About 30 minutes later, to my astonishment, Rachel calls back. She says she has good news - my situation sounded so crazy that she did a little investigation. With that carrot of hope, my anger melts and I apologize profusely for my outburst. She laughs it off and tells me that she found a record of a Sharon calling Reagan International airport in DC on August 12th, asking them to pick up the bag. They never did. Rachel was also able to figure out how this debacle began: on July 30th, Delta lost Sharon’s brother's bag. Sharon’s brother is "Mr. Whitehead." On August 6th Delta recycled Mr. Whitehead’s bag number and gave it to me. When someone saw my bag with his number, they sent it off to him in Olney, MD. (Doesn't it seem like a good idea not to recycle the numbers of lost bags? What am I missing here?)
Rachel said she went “very high up the chain” at Reagan and put in a message for them to get it together, pick up that bag, and get it to me post-haste.
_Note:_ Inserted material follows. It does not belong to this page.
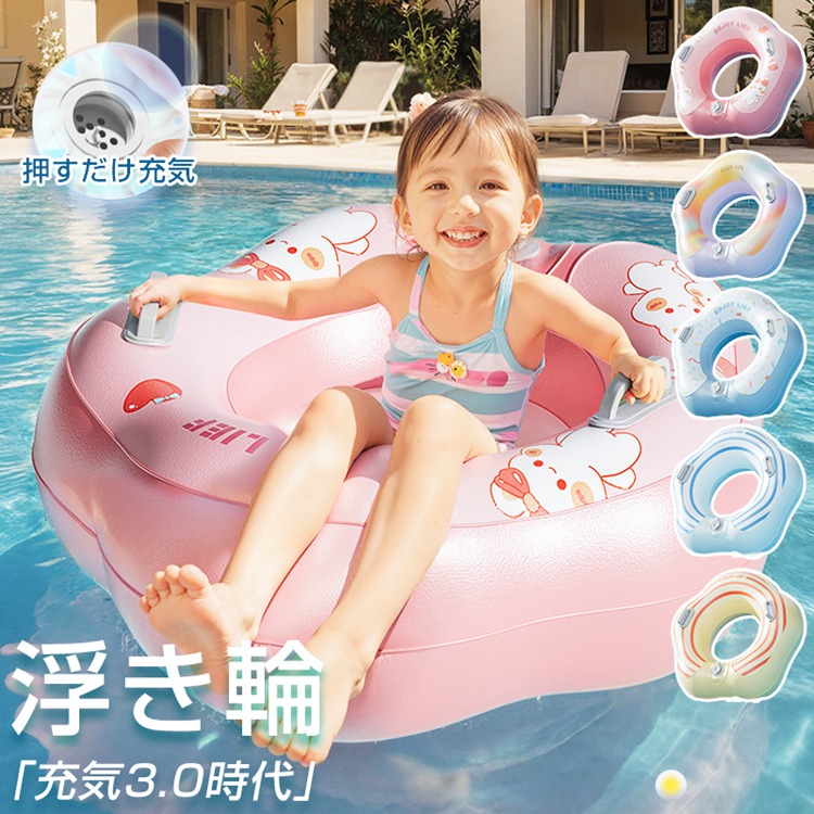 ワンタッチ自動膨張タイプ 浮き輪 大人 子供 浮輪 空気入れ不要 取っ手付 ウキワ 海 海水浴 ビックフロート 水上 レジャー かわいい 旅行 アウト 水遊び 水あそび

Of course, she isn't the first to send a message to Reagan on my behalf, but hopefully this "very high up the chain" dimension will make a difference. I am supposed to call her back on Thursday to check the progress.
In the meantime, my cell phone greeting now begins with a plea to Sharon to leave her number, followed by "anyone else, please leave a message." Stay tuned...
UPDATES ON OTHER IMPORTANT STUFF
I started work at my new office last Monday. We live in Massachusetts, but my office is across the border, in Connecticut. It’s about 34 miles each way, and I hate commuting, but there’s really no traffic here to speak of, so I’ll live. Everybody in my new office has been tremendously nice and accommodating, and I somehow finagled my own office with a window, so I can’t complain.
Robin begins teaching at Westfield State College on September 5th, but she’s been meeting her colleagues and decorating her office and purchasing posters with radical political slogans to hang in there. She’s excited. Tomorrow there’s a reception at the college, which I’ll attend, and on Saturday (which also happens to be her birthday) her new colleagues are throwing a welcome party for her, so all seems to be well.
Robin’s shiny new Massachusetts Drivers’ License arrived in the mail.
We’ve put offers in on a couple of houses, but so far, nothing has panned out.
Last night we celebrated our third anniversary with dinner in Northampton, outside on the deck, in the balmy night air. We tipped our glasses to the survival of our relationship through all of the changes and our new life in New England.
The pile of construction debris is still there. By our count, this is Day 21.